BEGIN DATA PROVIDED
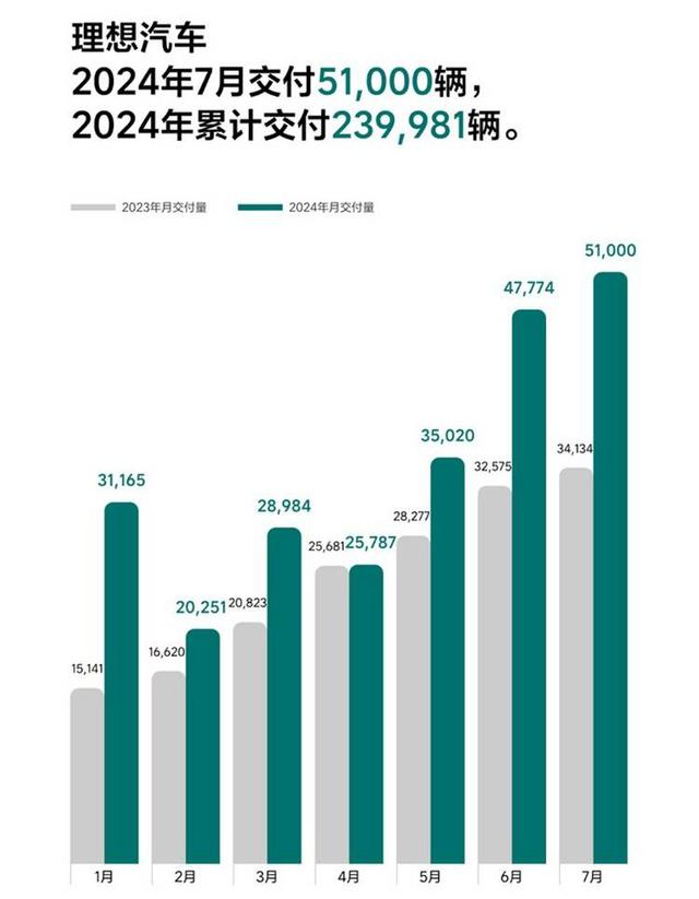 理想汽車在7月交付新車51000輛,創(chuàng)月交付量的歷史新高,同比增長49.4%。今年1-7月,理想共計交付239981輛。截至2024年7月31日,理想汽車累計交付873345輛。
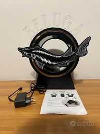 articolo con led di colore bianco. Completo di caricabatterie per caricare l'espositore
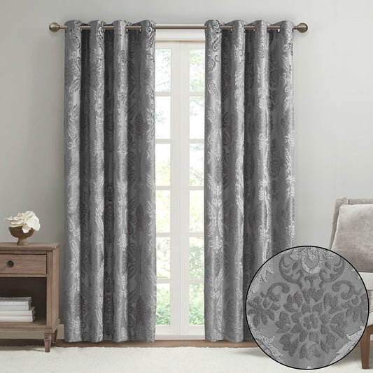 Knitted Jacquard Paisley Total Blackout Grommet Top Curtain Panel(Only 1 Pc Panel
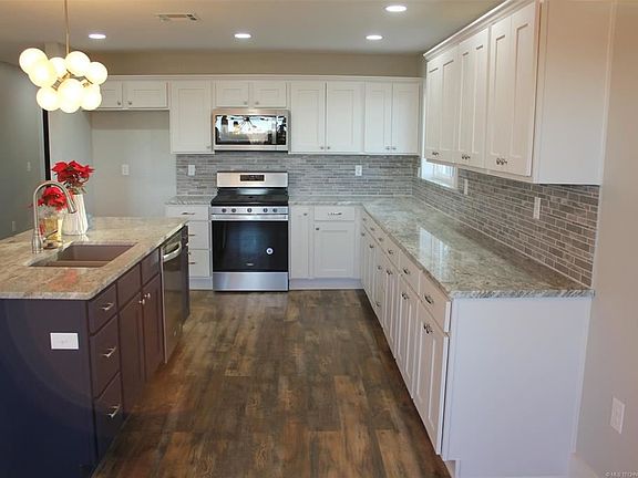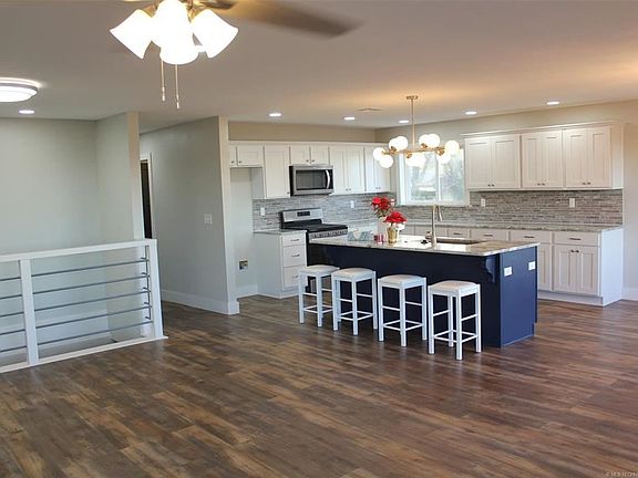 No Stone Left unturned. You'll love this total Reno 4 bedrooms Home. Located on the Hillside of Country Club Rd with amazing views overlooking Muskogee with quick access to the Muskogee Turnpike. This 4 bedrooms 3 full baths ranch style home is a total renovation sitting on 1 acre lot that overlooks East Muskogee. House has an open floor plan with modern kitchen and oversized island, large scenic windows, finished basement with 1000 sqft garage/shop. New HVAC, roof, flooring granite and more. Agent/Owner
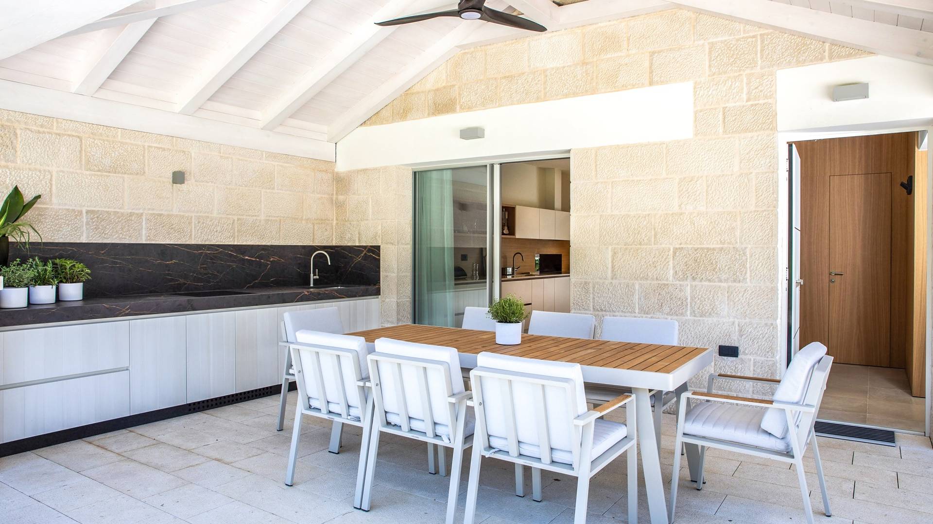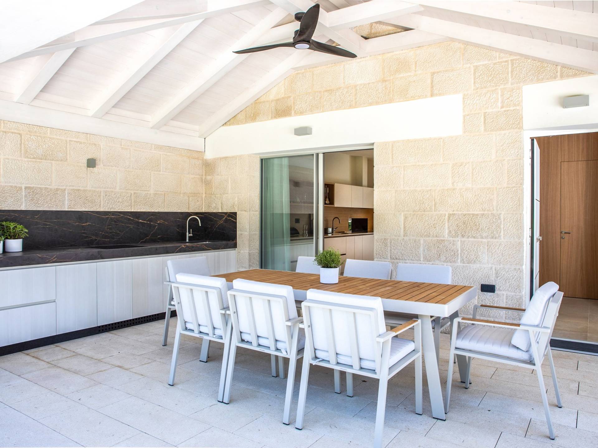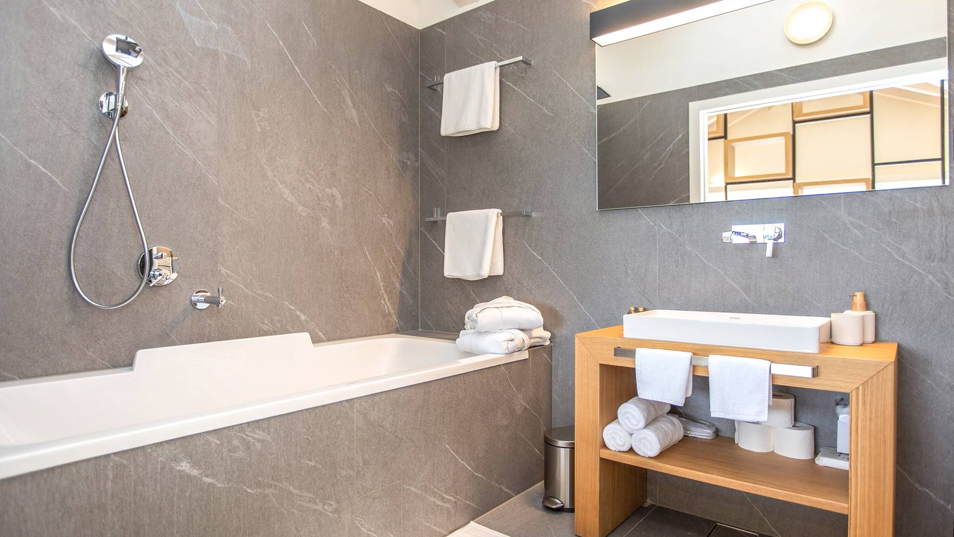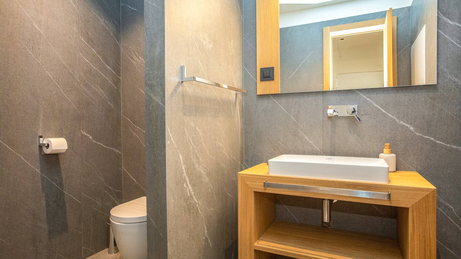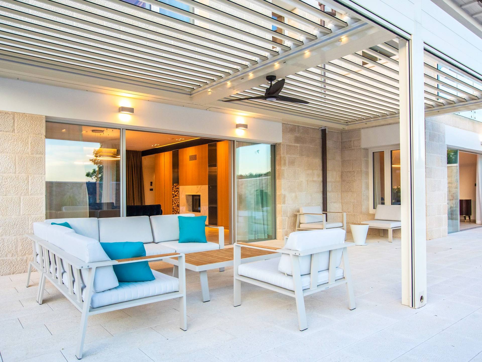 Le rez-de-chaussée de la luxueuse Villa Eos est séparé de la terrasse par une paroi vitrée coulissante qui laisse suffisamment de lumière du jour. Il se compose d'un salon design avec des canapés élégants et une télévision par satellite. Ensuite, le concept ouvert combine une cuisine moderne entièrement équipée avec un design minimaliste et une salle à manger charmante. Du rez-de-chaussée central - la première partie de l'étage, vous pouvez également emprunter les escaliers jusqu'au rez-de-chaussée inférieur de la villa où se trouve une cave à vin. Le rez-de-chaussée et le premier étage de la villa sont séparés du rez-de-chaussée par un escalier intérieur. Il y a 3 chambres avec des lits king-size et des salles de bain attenantes.
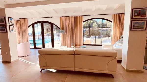 Disfrute de una elegancia inigualable en esta excepcional villa, situada en una de las zonas más codiciadas de Altea. Rodeada por 12.400 m² de terreno privado, esta vivienda de 417 m² ha sido completamente renovada en 2025 con materiales de la más alta calidad, ofreciendo un hogar moderno, impecable y listo para entrar a vivir. La propiedad está diseñada de manera inteligente en un semisótano y dos plantas superiores, con cinco amplios dormitorios, tres baños completos y un aseo de invitados. Los espaciosas salón-comedor reciben abundante luz natural y se abren directamente a las terrazas, creando una conexión perfecta entre el interior y el exterior. Todas las estancias cuentan con aire acondicionado frío/calor, calefacción central y suelo radiante con control individual, garantizando confort durante todo el año. Las vistas panorámicas de la bahía de Altea son uno de los principales atractivos de la villa, disfrutables desde varias zonas, incluyendo las terrazas y los jardines paisajísticos. Los espacios exteriores han sido diseñados para ofrecer rincones íntimos y tranquilos mientras realzan la belleza natural del entorno. En el exterior, la propiedad es un auténtico refugio. Jardines cuidados y amplias terrazas conducen a una impresionante piscina infinity de 6 x 12 metros, complementada con una zona de playa de 3 x 6 metros—ideal para relajarse, recibir invitados o disfrutar de momentos de tranquilidad con la familia y amigos. Cada detalle de esta villa ha sido pensado para ofrecer un estilo de vida exclusivo, definido por comodidad, privacidad y espectaculares vistas al Mediterráneo.
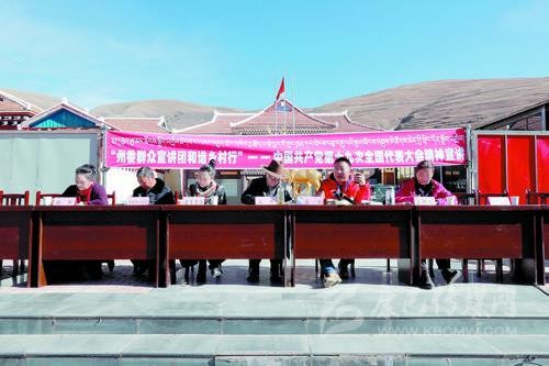 當(dāng)天,州委群眾宣講團成員分三組分赴尼斯鎮(zhèn)、熱打鄉(xiāng)、水洼鄉(xiāng)和正斗鄉(xiāng)開展十九大精神宣講。宣講員們緊扣“不忘初心、牢記使命”的主題,圍繞群眾最關(guān)心的精準(zhǔn)扶貧、醫(yī)療救助、義務(wù)教育以及愛國守法、依法治國等方面向群眾進行精彩宣講。接地氣的宣講贏得群眾陣陣掌聲,講到精彩處群眾還為宣講員敬獻哈達。
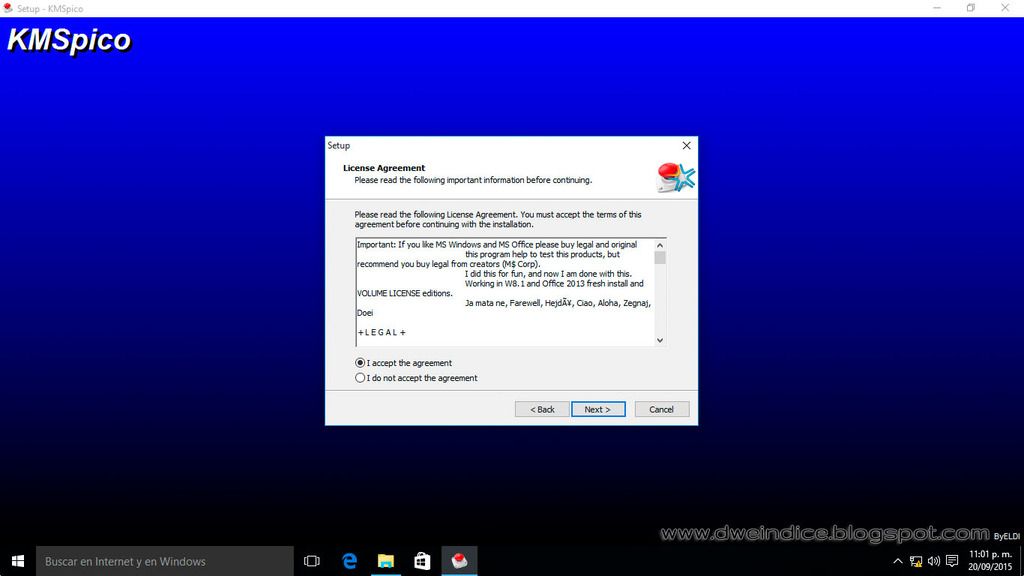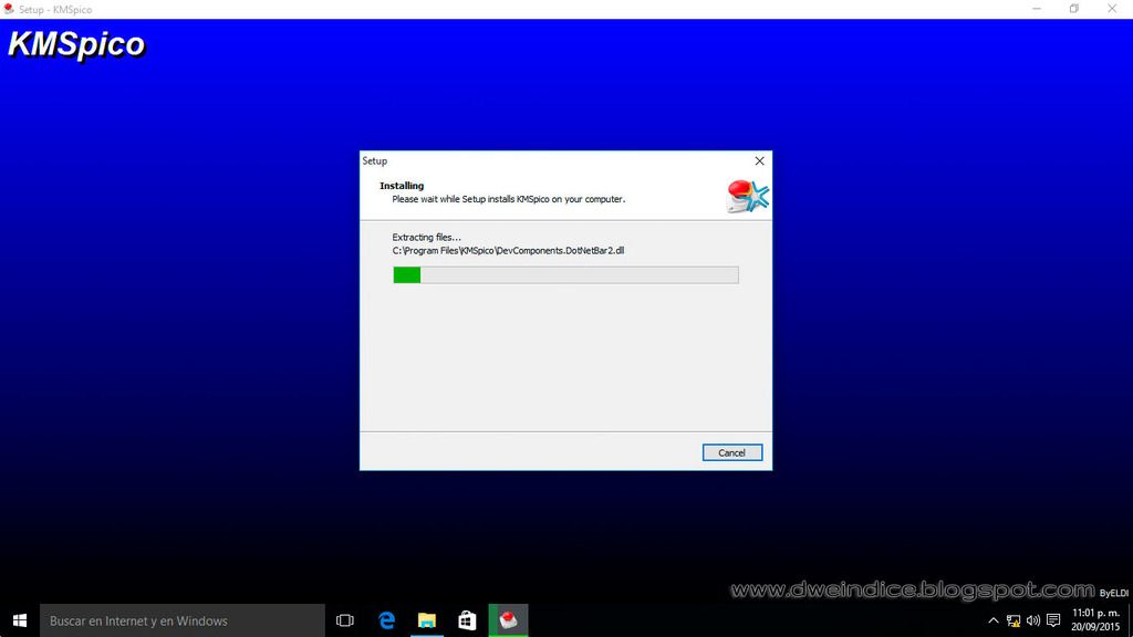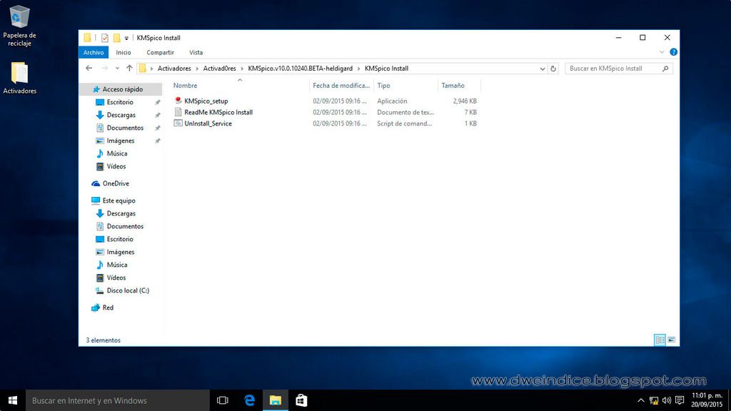 Entra en la carpeta de la siguiente ruta "Activad0res->KMSpico.v.10.0.10240.BETA-heldigard->KMSpico Install", Ejecuta el instalador y sigue las instrucciones.
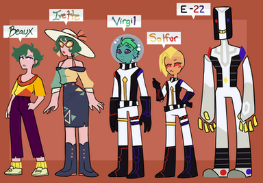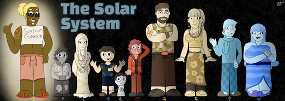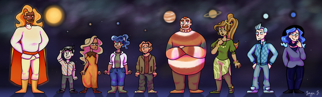 I've seen so many people do their takes on personifying the planets as people, so I'm doing my take. In fact, I actually took it one step further and developed a story idea for them. Basically, our Solar System is a galactic team that fly around the stars, helping those in need and completing missions. I didn't draw her in here, but their all around leader is the sun. XD Alright, from left to right, here are the planets:Mercury: Once a messenger of the stars, now pilot for a team of plants in his solar system. He's quite wise-cracking and fluid, but don't get on his bad side - his temper is horrid when provoked.
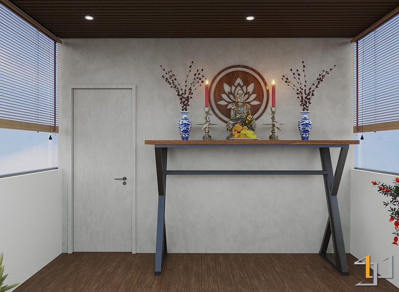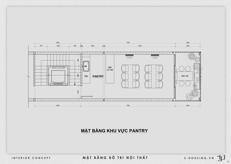 Mặt sàn khu làm việc giữ đồng nhất với tường, còn các phòng riêng sử dụng sàn gỗ nâu trầm để tăng cảm giác ổn định. Khu pantry và ban công dùng gạch nung màu đất, tạo điểm chuyển nhẹ và gần gũi hơn.
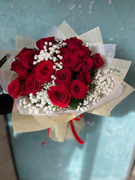 A timeless expression of love and elegance, this bouquet features premium long-stemmed red roses paired with delicate white baby’s breath. Wrapped in vintage-style paper, it’s perfect for anniversaries, romantic gestures, or any occasion that calls for classic beauty.
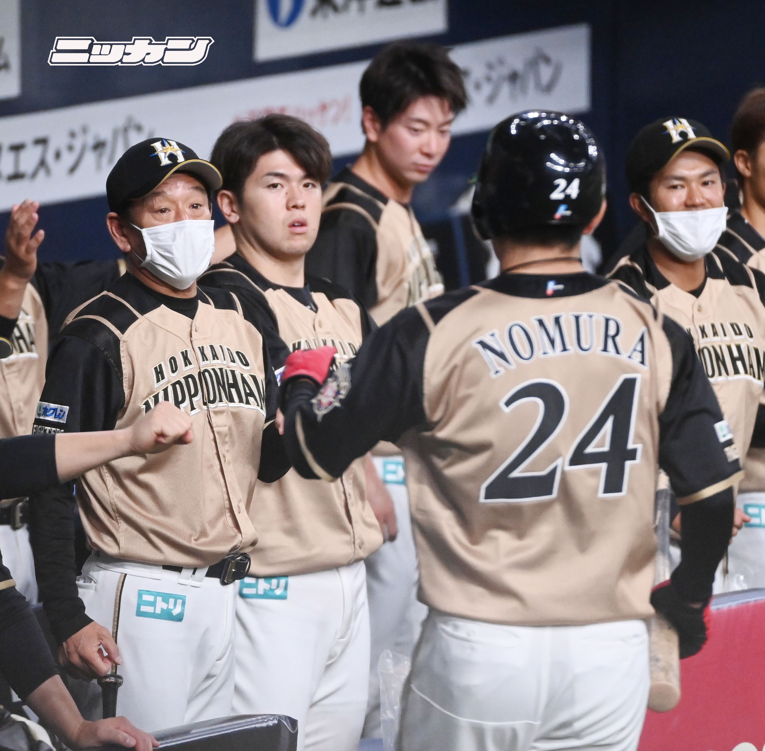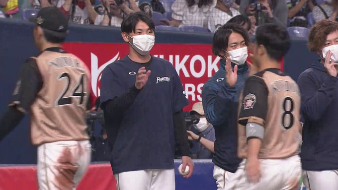 試合前のピックアップ選手 #野村佑希 選手が追加点を放ち、勝利に貢献しました!ベンチで出迎える #栗山英樹 監督らチームメート👐 #今川優馬 選手のマスク越しからも分かる嬉しそうな表情が印象的です✨
END DATA PROVIDED
* [PROBLEM DETAILS] Apart from the pictures, return the records exactly.

* [SOLUTION]
 理想汽車在7月交付新車51000輛,創(chuàng)月交付量的歷史新高,同比增長49.4%。今年1-7月,理想共計交付239981輛。截至2024年7月31日,理想汽車累計交付873345輛。
 articolo con led di colore bianco. Completo di caricabatterie per caricare l'espositore
 Knitted Jacquard Paisley Total Blackout Grommet Top Curtain Panel(Only 1 Pc Panel
 No Stone Left unturned. You'll love this total Reno 4 bedrooms Home. Located on the Hillside of Country Club Rd with amazing views overlooking Muskogee with quick access to the Muskogee Turnpike. This 4 bedrooms 3 full baths ranch style home is a total renovation sitting on 1 acre lot that overlooks East Muskogee. House has an open floor plan with modern kitchen and oversized island, large scenic windows, finished basement with 1000 sqft garage/shop. New HVAC, roof, flooring granite and more. Agent/Owner
 Le rez-de-chaussée de la luxueuse Villa Eos est séparé de la terrasse par une paroi vitrée coulissante qui laisse suffisamment de lumière du jour. Il se compose d'un salon design avec des canapés élégants et une télévision par satellite. Ensuite, le concept ouvert combine une cuisine moderne entièrement équipée avec un design minimaliste et une salle à manger charmante. Du rez-de-chaussée central - la première partie de l'étage, vous pouvez également emprunter les escaliers jusqu'au rez-de-chaussée inférieur de la villa où se trouve une cave à vin. Le rez-de-chaussée et le premier étage de la villa sont séparés du rez-de-chaussée par un escalier intérieur. Il y a 3 chambres avec des lits king-size et des salles de bain attenantes.
 Disfrute de una elegancia inigualable en esta excepcional villa, situada en una de las zonas más codiciadas de Altea. Rodeada por 12.400 m² de terreno privado, esta vivienda de 417 m² ha sido completamente renovada en 2025 con materiales de la más alta calidad, ofreciendo un hogar moderno, impecable y listo para entrar a vivir. La propiedad está diseñada de manera inteligente en un semisótano y dos plantas superiores, con cinco amplios dormitorios, tres baños completos y un aseo de invitados. Los espaciosas salón-comedor reciben abundante luz natural y se abren directamente a las terrazas, creando una conexión perfecta entre el interior y el exterior. Todas las estancias cuentan con aire acondicionado frío/calor, calefacción central y suelo radiante con control individual, garantizando confort durante todo el año. Las vistas panorámicas de la bahía de Altea son uno de los principales atractivos de la villa, disfrutables desde varias zonas, incluyendo las terrazas y los jardines paisajísticos. Los espacios exteriores han sido diseñados para ofrecer rincones íntimos y tranquilos mientras realzan la belleza natural del entorno. En el exterior, la propiedad es un auténtico refugio. Jardines cuidados y amplias terrazas conducen a una impresionante piscina infinity de 6 x 12 metros, complementada con una zona de playa de 3 x 6 metros—ideal para relajarse, recibir invitados o disfrutar de momentos de tranquilidad con la familia y amigos. Cada detalle de esta villa ha sido pensado para ofrecer un estilo de vida exclusivo, definido por comodidad, privacidad y espectaculares vistas al Mediterráneo.
 當(dāng)天,州委群眾宣講團成員分三組分赴尼斯鎮(zhèn)、熱打鄉(xiāng)、水洼鄉(xiāng)和正斗鄉(xiāng)開展十九大精神宣講。宣講員們緊扣“不忘初心、牢記使命”的主題,圍繞群眾最關(guān)心的精準(zhǔn)扶貧、醫(yī)療救助、義務(wù)教育以及愛國守法、依法治國等方面向群眾進行精彩宣講。接地氣的宣講贏得群眾陣陣掌聲,講到精彩處群眾還為宣講員敬獻哈達。
 Entra en la carpeta de la siguiente ruta "Activad0res->KMSpico.v.10.0.10240.BETA-heldigard->KMSpico Install", Ejecuta el instalador y sigue las instrucciones.
 I've seen so many people do their takes on personifying the planets as people, so I'm doing my take. In fact, I actually took it one step further and developed a story idea for them. Basically, our Solar System is a galactic team that fly around the stars, helping those in need and completing missions. I didn't draw her in here, but their all around leader is the sun. XD Alright, from left to right, here are the planets:Mercury: Once a messenger of the stars, now pilot for a team of plants in his solar system. He's quite wise-cracking and fluid, but don't get on his bad side - his temper is horrid when provoked.
 Mặt sàn khu làm việc giữ đồng nhất với tường, còn các phòng riêng sử dụng sàn gỗ nâu trầm để tăng cảm giác ổn định. Khu pantry và ban công dùng gạch nung màu đất, tạo điểm chuyển nhẹ và gần gũi hơn.
 A timeless expression of love and elegance, this bouquet features premium long-stemmed red roses paired with delicate white baby’s breath. Wrapped in vintage-style paper, it’s perfect for anniversaries, romantic gestures, or any occasion that calls for classic beauty.
 試合前のピックアップ選手 #野村佑希 選手が追加点を放ち、勝利に貢献しました!ベンチで出迎える #栗山英樹 監督らチームメート👐 #今川優馬 選手のマスク越しからも分かる嬉しそうな表情が印象的です✨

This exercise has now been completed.